[Data provided — start]
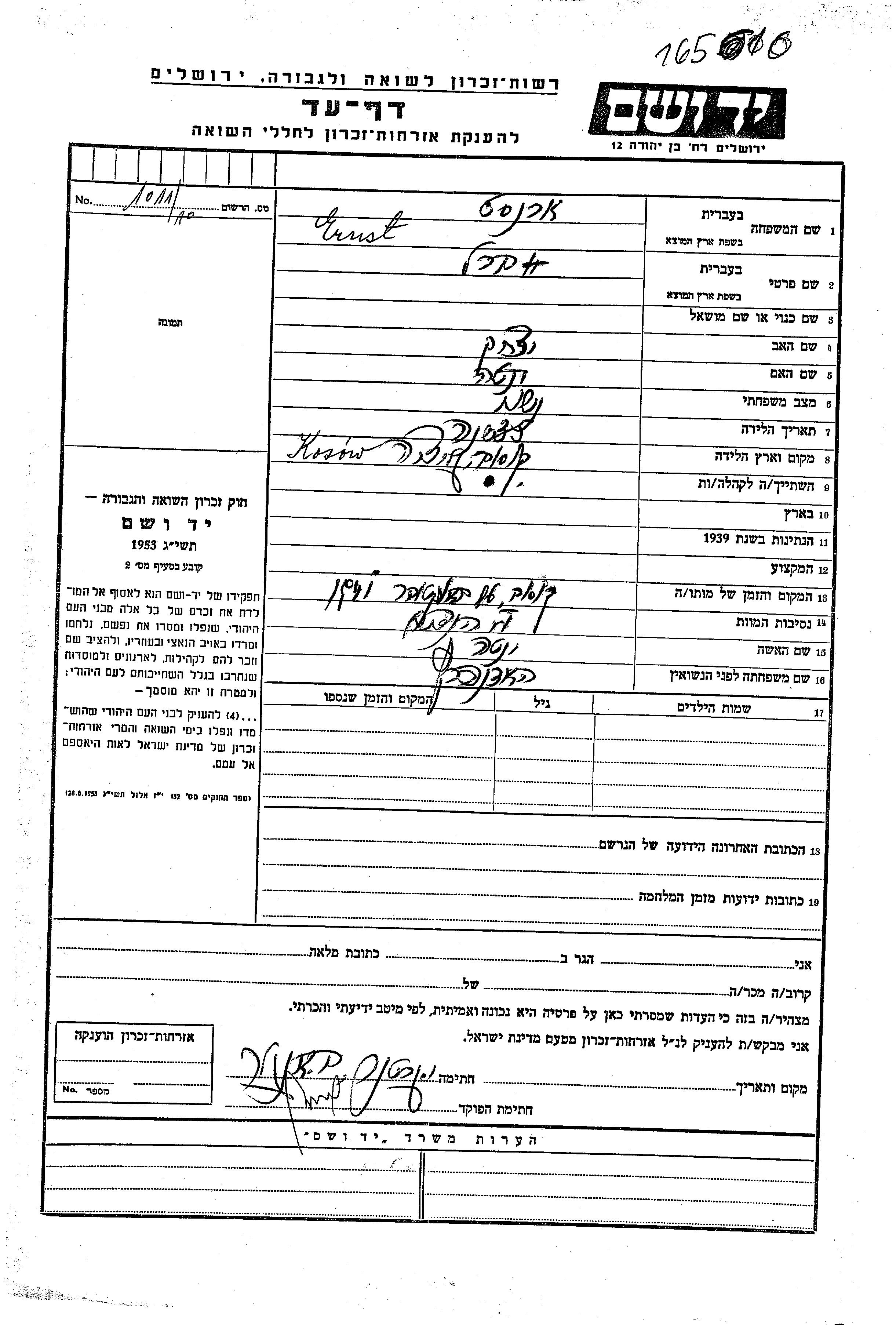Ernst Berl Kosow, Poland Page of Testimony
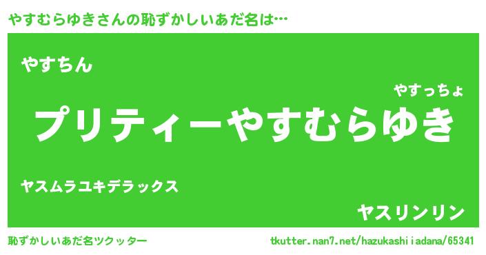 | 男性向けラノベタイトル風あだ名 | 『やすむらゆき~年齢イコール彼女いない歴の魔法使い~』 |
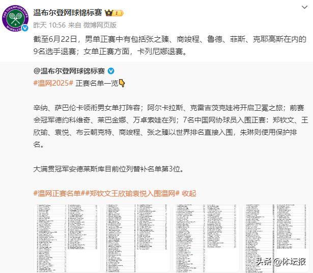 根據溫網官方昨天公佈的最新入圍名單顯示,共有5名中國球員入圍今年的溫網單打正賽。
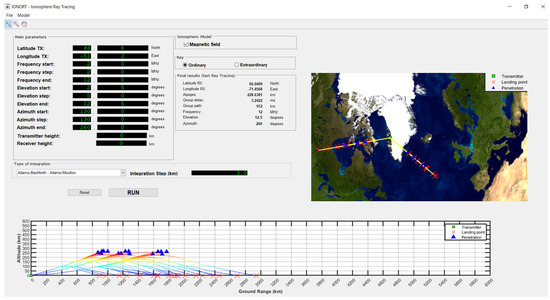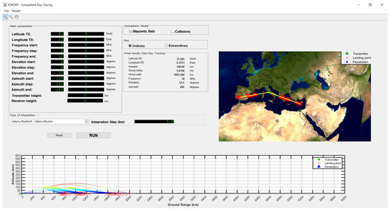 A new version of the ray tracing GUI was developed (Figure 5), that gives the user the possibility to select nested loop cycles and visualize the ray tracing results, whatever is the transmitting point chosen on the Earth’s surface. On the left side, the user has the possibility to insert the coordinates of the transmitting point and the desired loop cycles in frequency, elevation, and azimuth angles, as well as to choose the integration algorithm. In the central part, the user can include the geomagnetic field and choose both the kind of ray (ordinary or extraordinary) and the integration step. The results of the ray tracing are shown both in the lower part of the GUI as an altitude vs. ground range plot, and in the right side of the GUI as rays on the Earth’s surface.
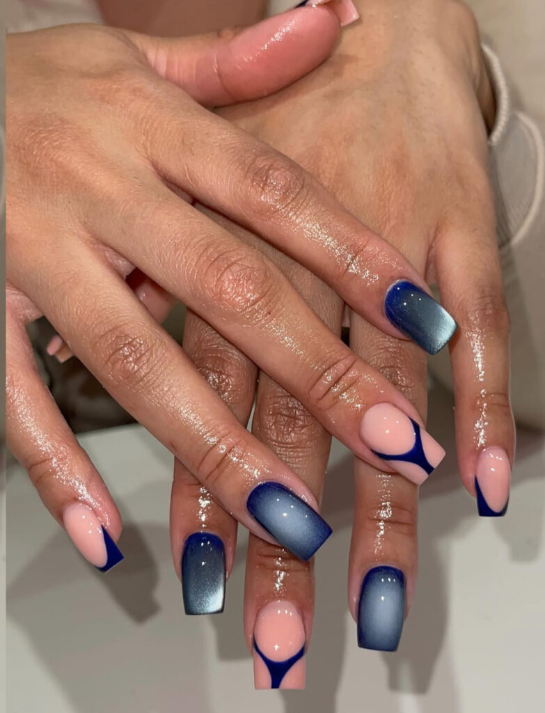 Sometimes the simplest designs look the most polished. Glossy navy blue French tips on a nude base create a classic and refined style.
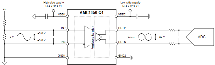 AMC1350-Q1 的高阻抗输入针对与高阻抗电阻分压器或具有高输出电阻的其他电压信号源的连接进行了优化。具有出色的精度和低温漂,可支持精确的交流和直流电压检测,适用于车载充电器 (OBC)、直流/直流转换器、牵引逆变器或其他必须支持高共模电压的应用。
[Data provided — finish]
▶ [Your objective]:
When you reach the line with "男性向けラノベタイトル風あだ名 | 『やすむらゆき~年齢イコール彼女いない歴の魔法使い~』 |" in the records above, start writing out each line exactly, and stop after the line with "根據溫網官方昨天公佈的最新入". Pictures stay out.

▶ [Worked solution]:
 | 男性向けラノベタイトル風あだ名 | 『やすむらゆき~年齢イコール彼女いない歴の魔法使い~』 |
 根據溫網官方昨天公佈的最新入圍名單顯示,共有5名中國球員入圍今年的溫網單打正賽。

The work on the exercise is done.